Research Areas The Design Reasoning Lab follows a use-inspired basic research philosophy. We’d like to reflect in our software systems a broad theory of design (often focused on game design), but we’ll always do it in a way that is also shaped to be of practical use on the 1-2 year timescale. We work with in-the-wild and in-development games that have either already reached audiences in the millions or are being built on platforms that reach similar audiences.

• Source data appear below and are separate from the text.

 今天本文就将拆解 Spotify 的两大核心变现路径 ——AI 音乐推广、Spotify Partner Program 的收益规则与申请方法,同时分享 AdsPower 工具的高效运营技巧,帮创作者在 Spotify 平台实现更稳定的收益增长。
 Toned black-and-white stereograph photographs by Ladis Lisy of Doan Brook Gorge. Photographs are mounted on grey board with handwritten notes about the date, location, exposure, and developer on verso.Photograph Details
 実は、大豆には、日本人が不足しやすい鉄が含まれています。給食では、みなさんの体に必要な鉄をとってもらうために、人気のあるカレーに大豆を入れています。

Procedural content generation (PCG) is the trendy term for one slice of the broader category of generative methods. Our research in generative methods yields new methods (such as those based on constraint solving and machine learning) and associated modes of control (declarative rules and artist-crafted example targets). At the same time, it offers new interpretations of what we are doing when we use PCG (perhaps we are writing down design space models) or what we are searching for when we apply constraint and optimization techniques (implementing approximate inference in a probabilistic formulation of the design process where forms lead to functions and functions lead to subjective interpretations of appropriateness to contexts).
Our work in machine playtesting is concerned with automatically assessing properties of videogames at the level of play experience rather than the level of their hardware/software implementation. What can the player do? Do they always have to do what I think to achieve some goal? A machine’s answers to these questions should come quickly enough to influence the design process, be expressed in a familiar enough notation (e.g. a heatmap rather than a logical proof), and be available in ongoing design projects without too much additional engineering effort. We believe the regularizing tendencies of design-for-test (that you tend to produce better designs when you match a design goal at the same time as being efficiently testable) represent a significant but oft overlooked benefit of testing in the design process. Our work in machine playtesting aims to make the space of play for a game (under relevant constraints and speculative assumptions) visible so that we can see how the shape of that space responds to changes in our design.

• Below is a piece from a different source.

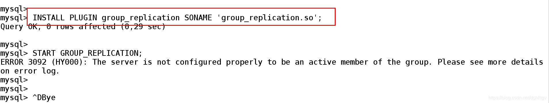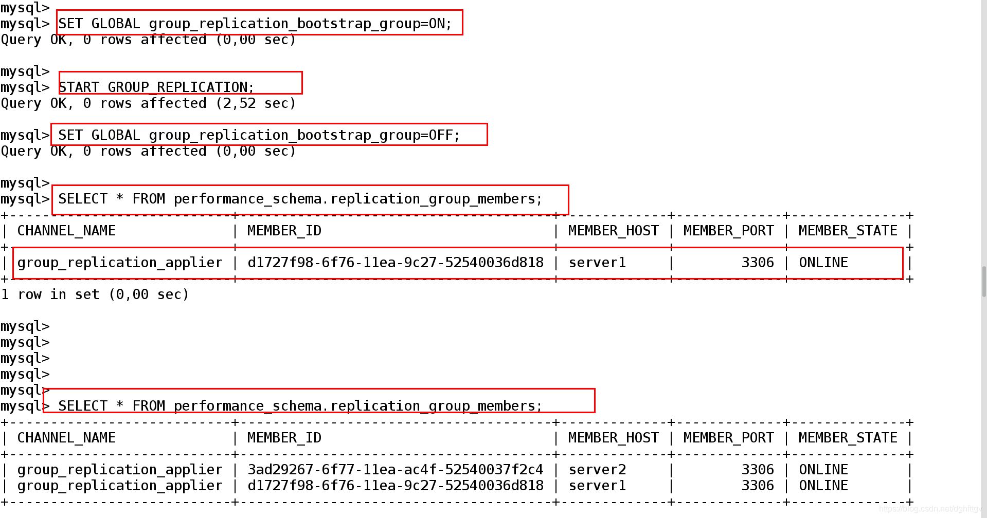 mysql> SET GLOBAL group_replication_bootstrap_group=OFF;# 其他节点执行

In the history of AI, automatically playing games is a perennial challenge taken on with the idea that games provide well-defined test-beds for general intelligence. Technical methods for success in some game, it is hoped, will transfer to real-world applications. We see specific games as messy technical and artistic artifacts with complex relations to other games and broader culture – navigating them and answering questions about them are already real world applications. Our lab tries to produce automated gameplay methods that, rather than embodying any form of general intelligence, can be bolted onto in-the-wild games with ill-defined notions of success and still yield interesting coverage of their spaces of play. If there is a general theory behind our methods, it is one that is trying to explain why we like to go down the slides in a playground rather than one that explains why we make a certain opening move in Chess. We don’t think you need to have a score function or win state to define optimal play. We think the answer is the topology of the space of play, and one of the biggest challenges is even figuring out what that space looks like.

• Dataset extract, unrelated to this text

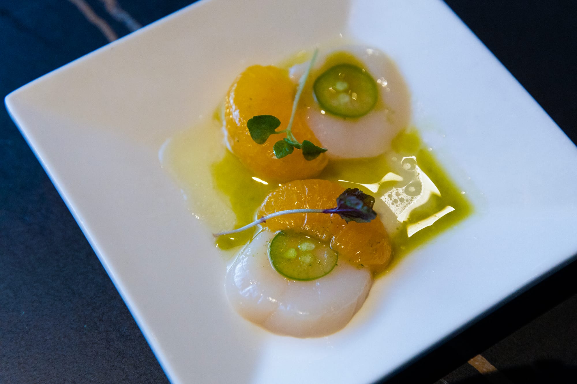 Left: Hokkaido scallop carpaccio with mandarins, jalapeño, cilantro oil and white soy. Right: Bluefin tuna sashimi. Photos by Brandon Richardson.

Information Retrieval for Interactive Media
The way we search for games, apps, or other interactive media is analogous to pre-Google web search engines. We trust publishers to tag their work with all and only the appropriate metadata, and we imagine we can group all of the relevant content into stable categories and lists. Our lab considers the problem of automatically crawling to discover new games and new possibilities for play within then, we consider how to index these spaces to accelerate useful queries, and we consider how to serve up results more useful than linear result lists. As more and more of the web becomes dynamically generated and each page adds more interactive elements, the situation begins to resemble an ever-growing app market more than a finite collection of texts. Our research puts automated gameplay to to work in mapping the space of play and integrates computer vision and natural language processing techniques to index the interactive moments uncovered.